In the evening Sam dined again with John Mackay and some men from the Pacific coast. He wrote of it to Livy on Dec. 2 (this dinner is sometimes confused with the Nov. 26-7 after-dinner gathering with Mackay and others that Sam wrote lasted till 1:30 a.m.):
Note: This letter is not in LLMT, but may be found in MTLP 2: 597. The MTP TS of this letter includes two paragraphs at the front of the letter Paine chose to omit. Paine often made choices that chagrin later scholars, so his collections must be read with care.
Last night [Dec. 1] at John Mackay’s [The Players] the dinner consisted of soup, raw oysters, corned beef and cabbage, & something like a custard.

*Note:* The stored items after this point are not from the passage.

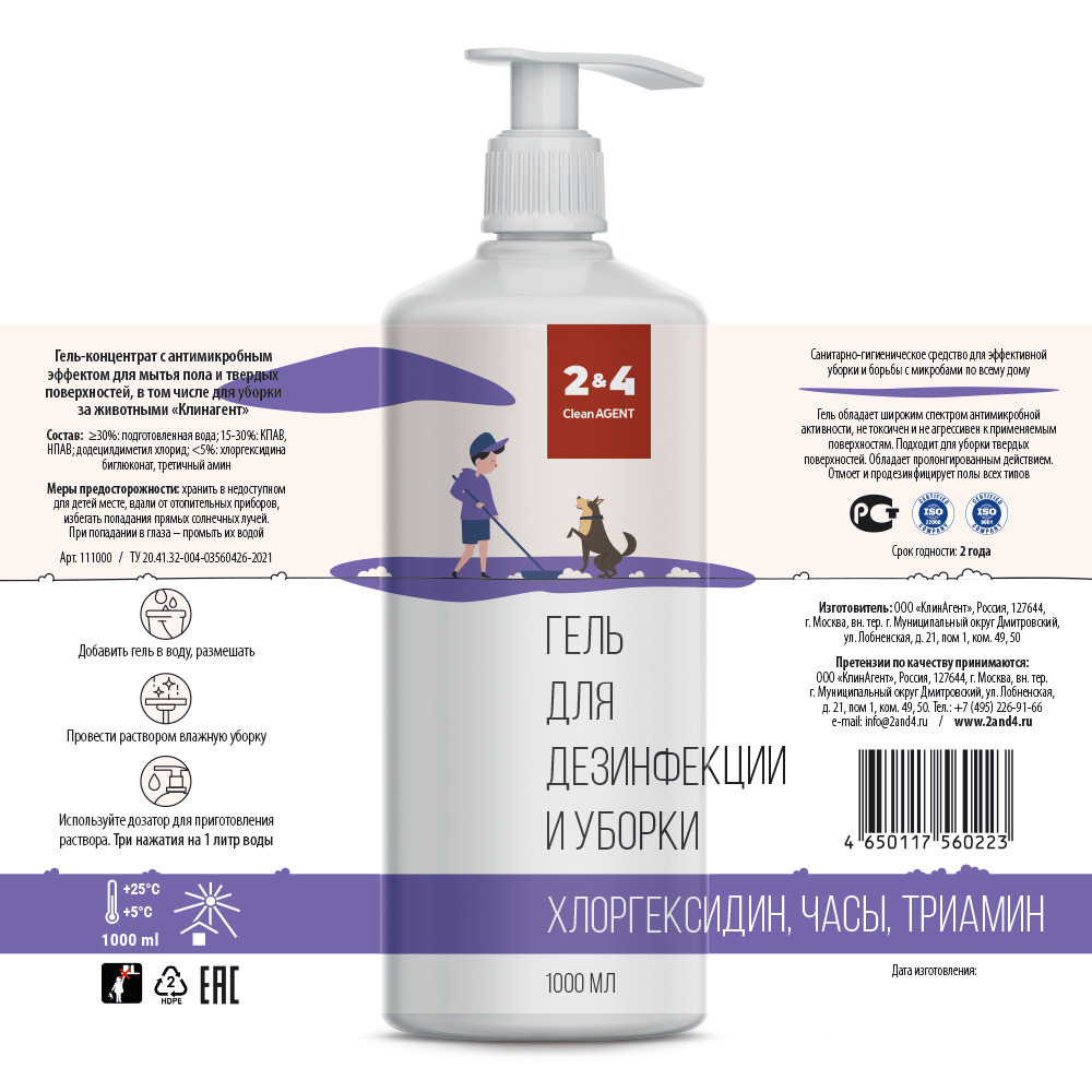 Пенное-дезинфицирующее моющее средство для уборки за животными Cleanagent, 150 мл.
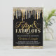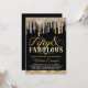 Convite de festa de 50 anos fabulosa preto e dourado com elegantes diamantes e gotas douradas em fundo preto. Este convite de 50 anos de idade de mulher preto e dourado é facilmente personalizado para o seu evento, basta adicionar seus detalhes no estilo de letra, cor e texto de sua escolha. Você também pode alterar a cor do fundo nas páginas frente e verso.
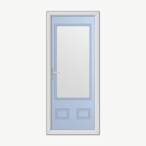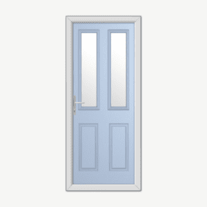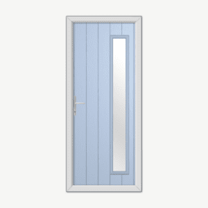 A modern option that is greatly enhanced by the colour is the York design. Order the Greenwich decorative glass unit to elevate the look, and for alternative options, consider our other blue composite doors.
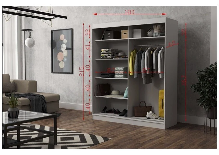 - -Kaapin mitat leveys 180 cm, syvyys 60 cm, korkeus 215 cm;
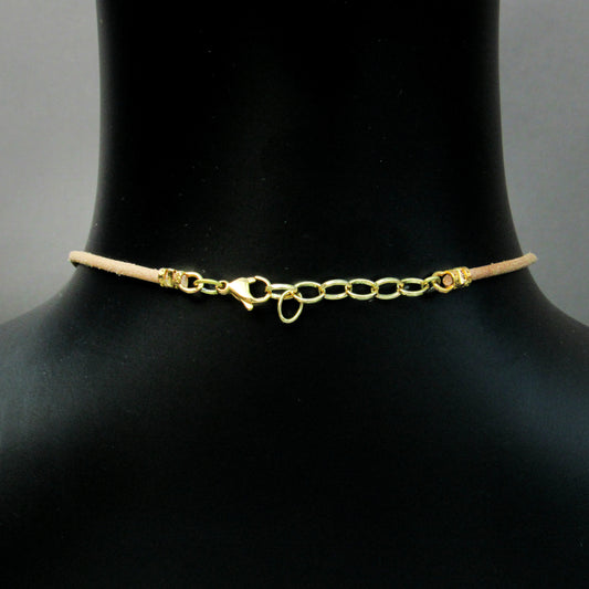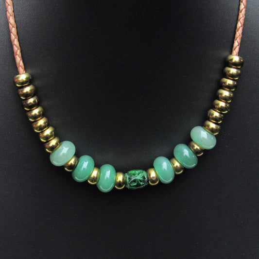 Jade gemstone, Aventurine, and Brass on genuine leather Necklace

I ate without fear or stint, & yet have escaped all suggestion of indigestion. The men present were old gray Pacific-coasters whom I knew when I & they were young & not gray. The talk was of the days when we went gipsying a long time ago — thirty years. Indeed it was a talk of the dead. Mainly that. And of how they looked, & the harum-scarum things they did & said. For there were no cares in that life, no aches & pains, & not time enough in the day (& three-fourths of the night) to work off one’s surplus vigor & energy. Of the mid-night highway-robbery-joke played upon me with revolvers at my head on the windswept & desolate Gold Hill Divide, no witness is left but me, the victim. All the friendly robbers are gone. These old fools last night laughed till they cried over the particulars of that old forgotten crime [MTP].
Note: Fatout reports this as the “Mackay Dinner” [MT Speaking 660], but Sam’s account shows it was not a singular event nor was his talk a prepared one, much like the Nov. 26-7 after-dinner talk. Of course Sam often selected from a host of anecdotes based on the audience and event.
The Brooklyn Eagle, p.2 reviewed the Dec. issue of Cosmopolitan, including Sam’s sketch:
Mark Twain lends his detailed and always fresh wit and humor to varying the monotony of travel to the fair [Chicago Exposition which Sam did not attend due to illness], in “Traveling With a Reformer.”
William Dean Howells wrote to Sam about Sunday’s dinner engagement:
Dear Clemens: / I said to Mrs. Howells just now, “I suppose Clemens wouldn’t dream of coming in a dress coat Sunday?” “Well, he might,” she said, and so I write to say, Don’t!
— The mischief seemed to be in it, today. We live whole weeks without a soul coming near, but if you happen to drop in, a regiment follows. Yours Ever [MTHL 2: 656]
Sons & Daughters of the Am. Revolution sent Sam a printed invitation to meet Professor and Mrs. John Fiske, Mrs. Stoughton, and Miss Fiske, Dec. 16 from 2 to 5 p.m. Hotel Netherland, N.Y. [MTP].